Chris Dorrian

Personal information
- Full name: Christopher Stewart Dorrian
- Date of birth: 3 April 1982 (age 42)
- Place of birth: Harlow, England
- Height: 1.75 m (5 ft 9 in)
- Position(s): Defender

Youth career
- Leyton Orient

Senior career*
- Years: Team / Apps / (Gls)
- 2000–2002: Leyton Orient / 5 / (0)
- 2001: → Dover Athletic (loan) / 14 / (0)
- 2002: Chelmsford City / 4 / (0)
- Harlow Town
- Bishop's Stortford
- Thurrock
- Sawbridgeworth Town
- Takeley

= Chris Dorrian =

English footballer (born 1982)

Christopher Stewart Dorrian (born 3 April 1982) is an English former footballer who played as a defender.

==Career==
Dorrian began his career in the academy at Leyton Orient, making his debut for the club in a 1–0 win against Plymouth Argyle in the Third Division on 12 August 2000, deputising in place for the injured Matt Joseph. In August 2001, Dorrian was sent out on loan to Dover Athletic. At Dover, Dorrian made 14 league appearances in a four-month loan spell.
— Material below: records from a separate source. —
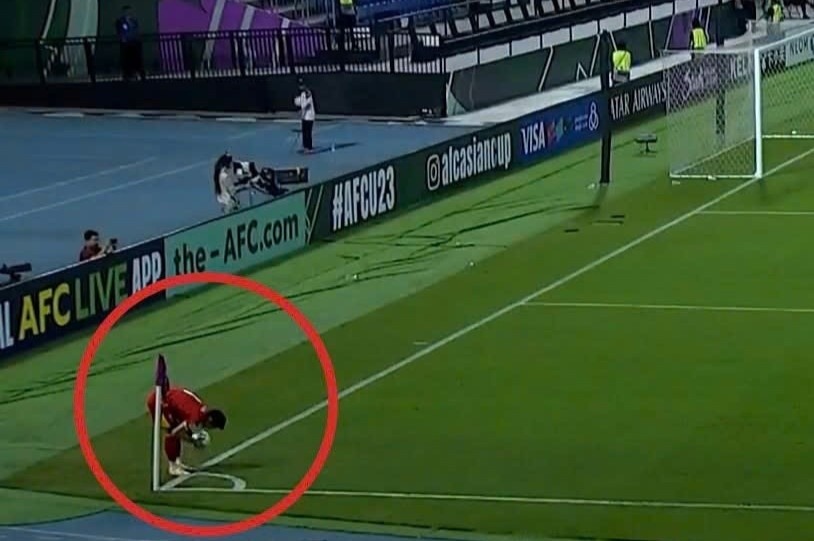Khoảnh khắc Đình Bắc hôn bóng trước khi tung cú sút phạt khiến dân mạng thích thú. Đây không phải lần đầu hành động này của anh gắn với một bàn thắng cho U23 Việt Nam.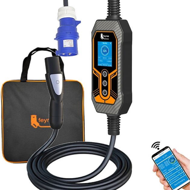 Зарядка для електромобіля 7.4 квт 32a 1-фаза type tesla (американське авто) wi-fi lion king FEYREE, FY7-32-1PH-TS-K8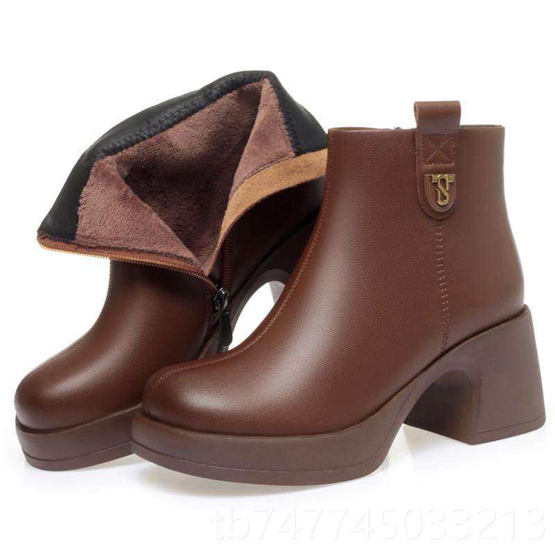 正品中年真皮高跟鞋女子短靴女个子靴子冬季加小绒妈妈羊毛棉鞋皮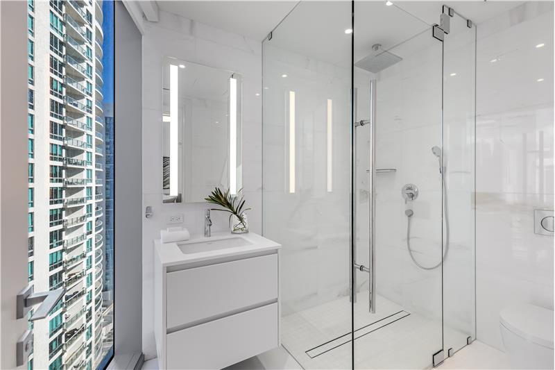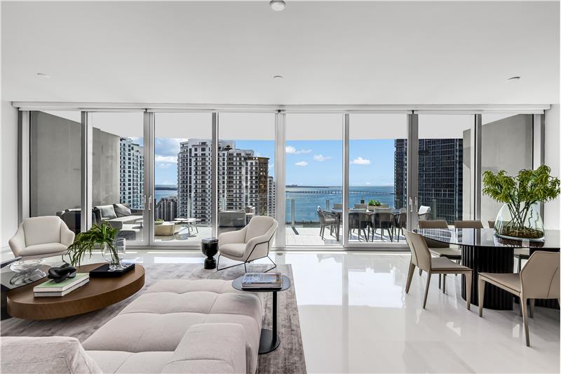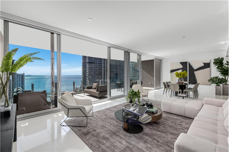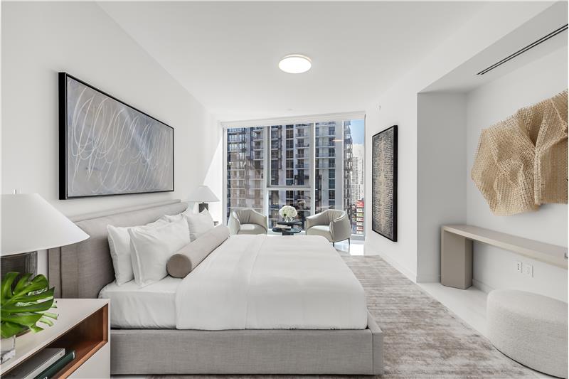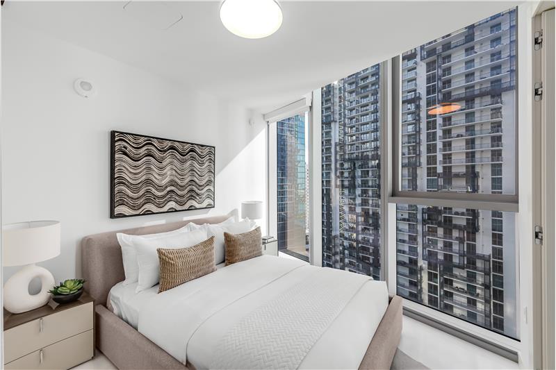 Electric Blinds & Closet Build-Outs in EVERY ROOM. Be the first to live in this brand-new 3-bed, 3.5-bath condo with 2,422 sq. ft. of modern space. This residence features electric blinds and custom closet build-outs in every room, offering stunning views from every angle—open concept kitchen with Gaggenau appliances, separate wine fridge, and large island. Enjoy a HUGE 400 SF balcony overlooking the Miami skyline and Biscayne Bay. The building features private elevators, two parking spaces, and storage facilities. Exclusive amenities span four stories, with fitness centers, theaters, pools, l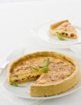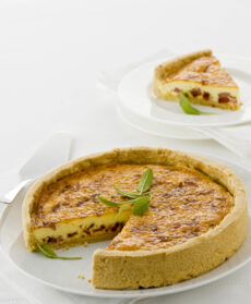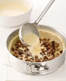 Una volta estratta la quiche distribuisci sul fondo la pancetta rosolata precedentemente, versa il composto di formaggio e uova e inforna nuovamente per altri 25 minuti.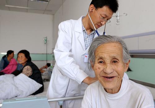 資料圖片:陜西神木縣醫院的醫生在為萬鎮鎮張家溝村82歲的毛玉葉檢查身體(2009年5月25日攝)。毛玉葉是有生以來第一次住院,胸腔大量積液,住院一月共花去8496元,個人僅花費醫保外的40多元。新華社發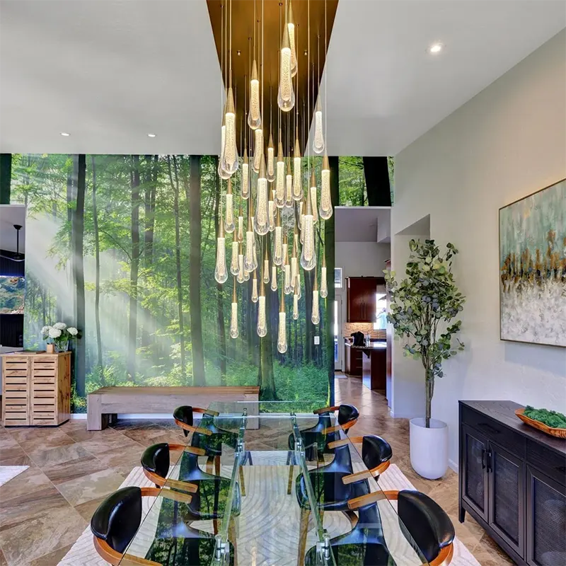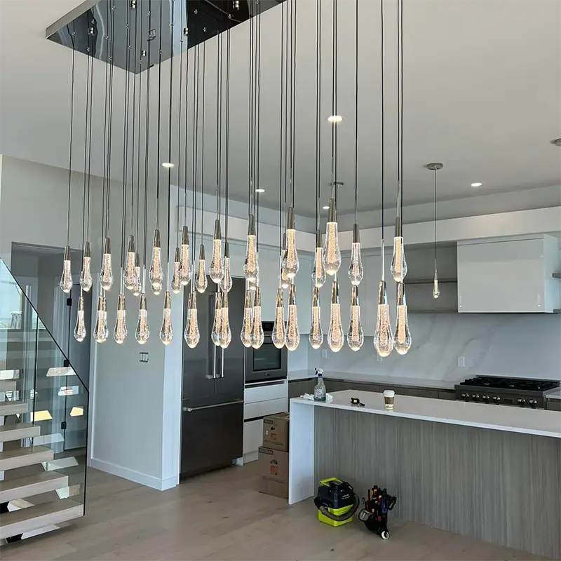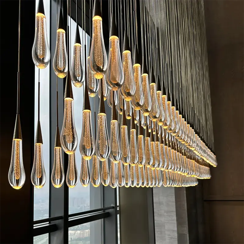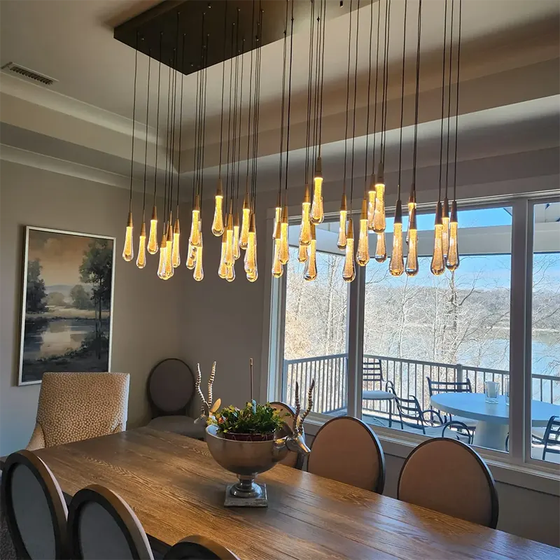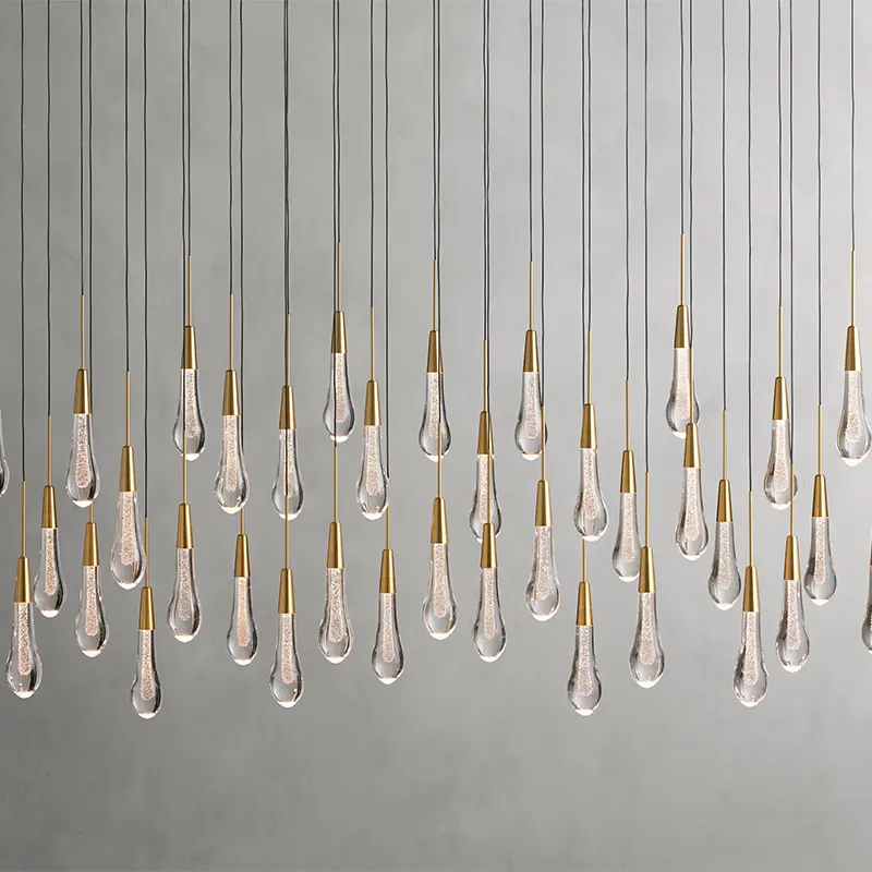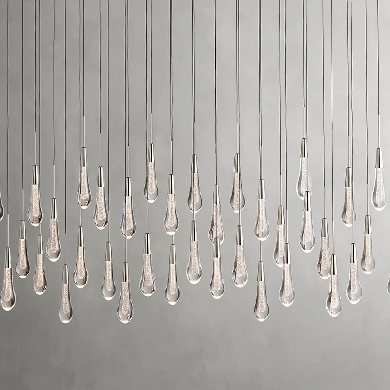 Soltaire Linear Raindrop Chandelier collection features adjustable black PVC cords cascading into integrated LED lights handcrafted from seeded glass to mimic the look of falling raindrops.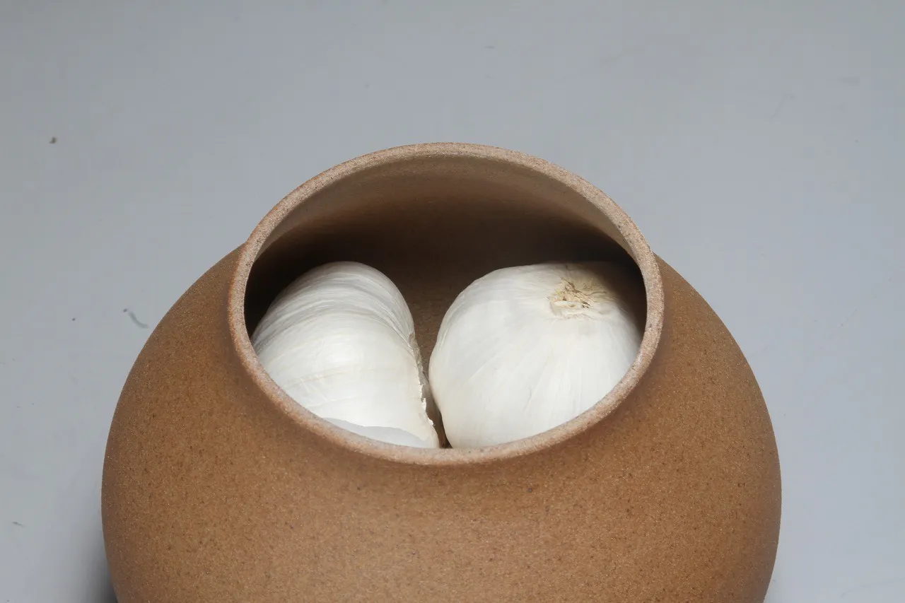 素焼きで通気性のいい陶器はガーリックポットにお勧め。にんにくは殻のまま入れ、風通しの良い日陰になる場所での保管をすれば、約1ヶ月程度、風味を逃がさずに保管できます。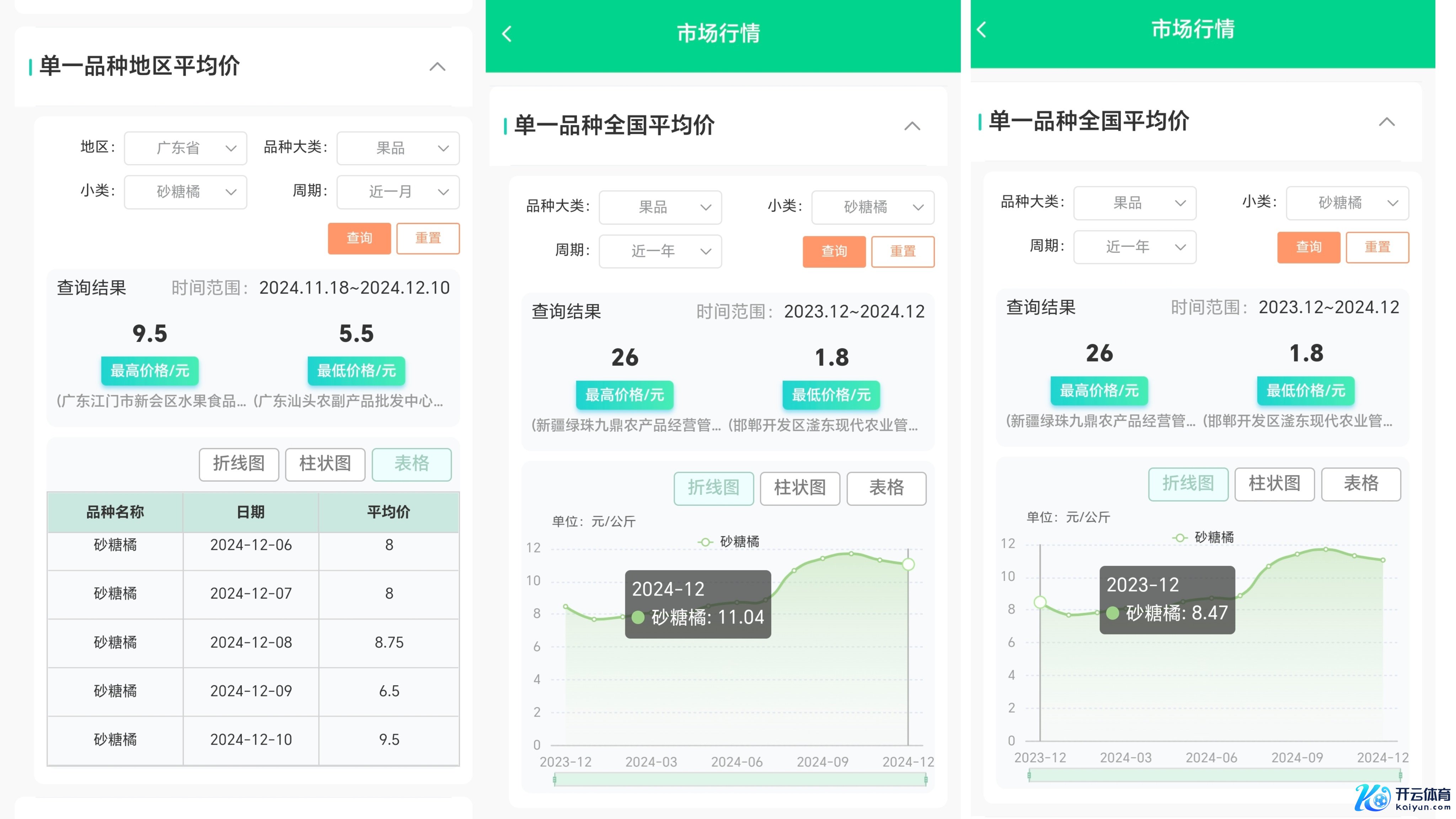 12月10日,砂糖橘12月的寰宇批发均价为11.04元/公斤,比较旧年同时的8.47元/公斤,涨幅达30.3%。10日,砂糖橘单一品种广东省平均价在9.5元/公斤。

After a further seven appearances in all competitions for Leyton Orient, Dorrian was released by the club in March 2002. At the end of the 2001–02 season, following his release from Orient, Dorrian made four appearances for Chelmsford City.

In 2002, Dorrian signed for hometown club Harlow Town. Following his time at Harlow, Dorrian played for Bishop's Stortford, Thurrock, Sawbridgeworth Town and Takeley.